The why of it all doesn’t matter to this story nearly as much as the how, because freeing the king of Necrus from his frozen Necrupolis requires Manta to hoard a volatile resource called “orca cum” — or something like that — and use it to hasten global warming. If Arthur has any hope of saving the world from environmental disaster and a “Lord of the Rings”-like army of undead green wraiths (the “Return of the King” energy is off the charts during the third act of this movie), he’ll have to team up with the treacherous half-brother he defeated in the previous installment, uniting land and sea around a common purpose after centuries of one-sided exploitation.
Enter: Everyone’s favorite Orm, Orm Marius (a loose and amusing Patrick Wilson), a two-faced pariah who’s essentially just a low-key Loki look-alike who’s never had a minute’s worth of fun in his entire life. Lest anyone fail to make that direct connection, Arthur even refers to his estranged sibling as Loki at one point, though presumably he’s talking about the Norse god and not the Disney+ hostage. “The Lost Kingdom” is at its most enjoyable whenever it eschews the whole “saving the planet” thing in favor of being a simple buddy comedy about two mistrusting siblings from very different worlds.
It feels like a perverse mistake that the majority of their adventures take place on land (especially in a movie that only knows how to separate itself from the usual superhero mishegoss when it goes underwater), but watching these two race around a dime-store version of Skull Island is almost worth it just to see how Orm thinks running is supposed to work. Momoa is never quite as checked out in the film as he has been on the film’s press tour, but he’s definitely energized by having a real character to play against instead of a sea full of digital fish.
Which isn’t to suggest that the special effects work is subpar. It’s true that “The Lost Kingdom” sorely lacks the detail and vibrancy that made the oceanic realms in the previous installment so eye-popping and full of life, but we’ve upgraded/downgraded from a rock octopus to a mer-creature pop band, and there’s a shot where what appears to be a fully CGI Nicole Kidman grapples onto a passing sea creature at top speed.
But even that momentary flash of “what the fuck am I watching?” seems like a faint echo of the epic silliness that Wan brought to the original, and not even a welcome reappearance from John Rhys-Davies’ Brine King is enough to put the genie back in the bottle. Hearing Gimli’s disembodied voice does add to the Jacksonian flourish of the final act, in which what little is left of Manta’s dramatic stakes are sacrificed at the foot of a partially submerged Mordor, but by that point the fun of the action is as empty and manufactured as that of Arthur’s narration (“They say everybody’s good at something. Me? I talk to fish”).
Where the previous “Aquaman” was psychedelically high on its own supply and so eager to top itself that it eventually led to Jason Momoa talking to a mythical sea monster who sounded a lot like Julie Andrews, “The Lost Kingdom” becomes more and more formulaic as it digs into its mythos, as if the movie were caught between being its own thing and being nothing at all.
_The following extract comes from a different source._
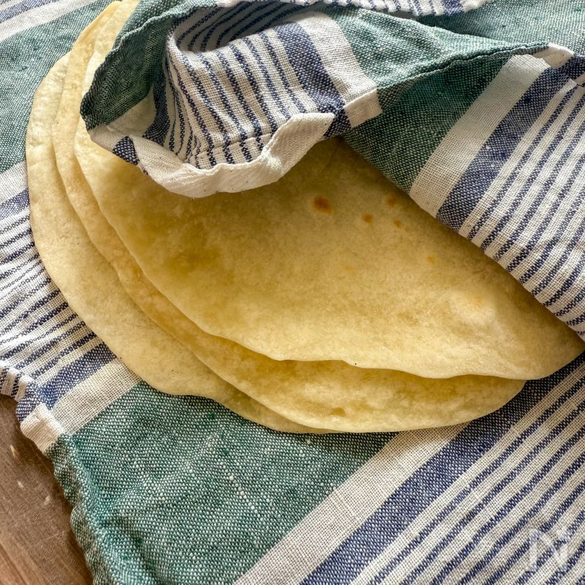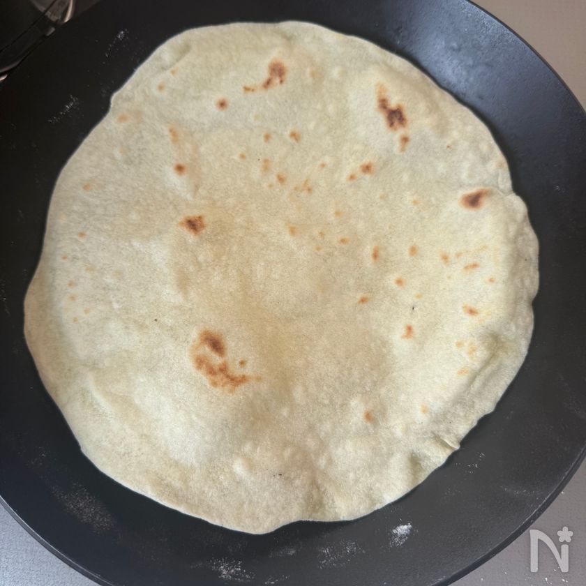 ・生地を伸ばす際は、少しずつ角度を変えたり裏返したりしながら伸ばすと円形に近づけますが、きれいいな円でなくても大丈夫です。薄いので、少し指をひっかけたりするだけで穴が開きやすいのでご注意ください。

If only Wan and co. had seen the writing on the wall a little earlier, perhaps they could have found a way to ensure that the DCEU went down in a blaze of glory. Instead, it just sinks to the bottom of the sea, with Aquaman pushing to bring his world to the surface at the same time as Warner Bros. Discovery consigns his entire universe to the ocean floor.
Grade: C-
Warner Bros. will release “Aquaman and the Lost Kingdom” in theaters on Friday, December 22.